На фото Мир, бритый, с гопницкой ухмылкой, с серьгой в ухе стоял, небрежно прислонившись к монстру, отдаленно похожему на мотоцикл. Я в свои восемнадцать на такое чудовище взгромоздилась бы только под страхом смертной казни. Ну, или если бы мне предложил вот этот вот синеглазый рэкетир.

Он был в футболке, и на руках отчетливо виднелись татуировки-линии энергетических каналов.

— До восемнадцати мы обязаны скрывать каналы, — пояснила Ольга, явно следя за моим взглядом и ходом мыслей. — А после — по желанию. Мир перестал сразу же, как только получил такую возможность.

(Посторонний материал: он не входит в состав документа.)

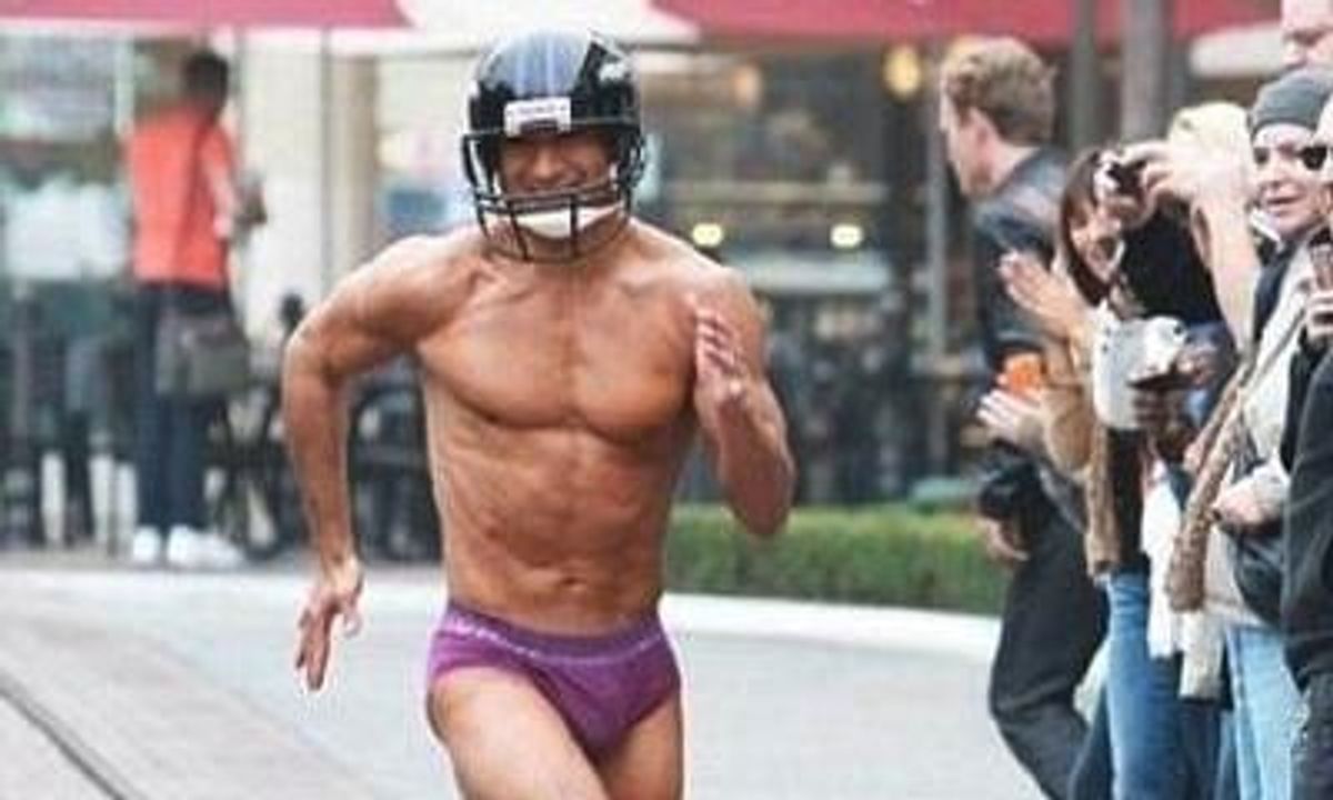 Unfortunately for him--but great for us--the Ravens won the game, so he stripped down and jogged down the street in his undies and a helmet. And in the process made us all feel like the winners.
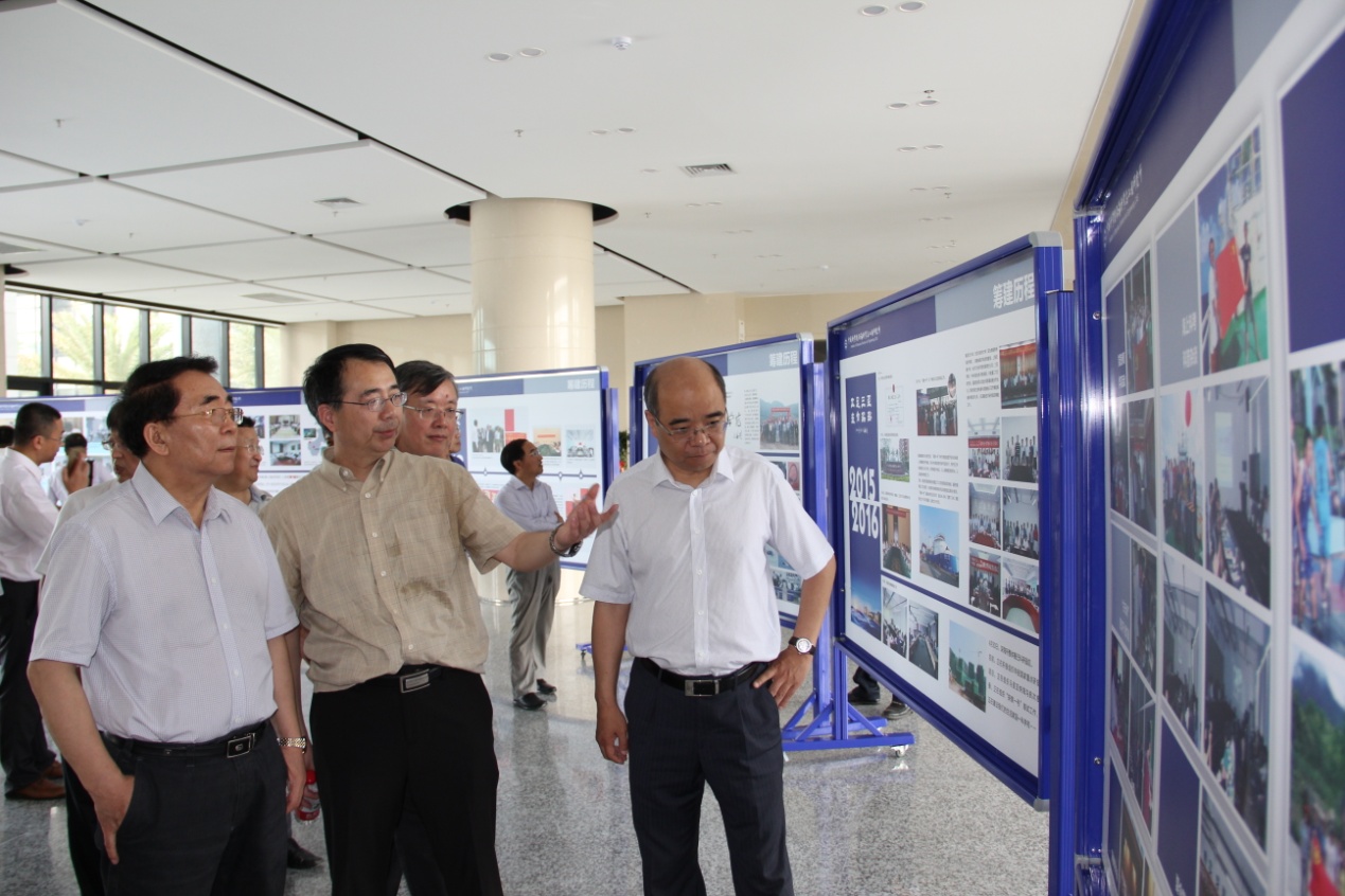 隨后,白春禮來到深海所科研園區,參觀了深海工程技術實驗室機加工中心、200Mpa深海超高壓模擬試驗裝置、目前國內同類水池中最深的綜合水池,以及深海所籌建歷程展等。在展廳觀看了“蛟龍號”深海下潛3D視頻。

На другой фотографии была запечатлена компания таких же гопников (эго удовлетворенно отметило, что мой — самый симпатичный). Еще несколько фото в общем-то отображали ту же картину.

— Тут помладше. Пятнадцать вроде.

В пятнадцать у него было побольше волос, не было серьги и татуировок, но был тот же задиристый взгляд, толстовка с черепом, куча какого-то металлолома на рюкзаке и общий вид ребенка, которого из школы лучше сразу выставить, во избежание.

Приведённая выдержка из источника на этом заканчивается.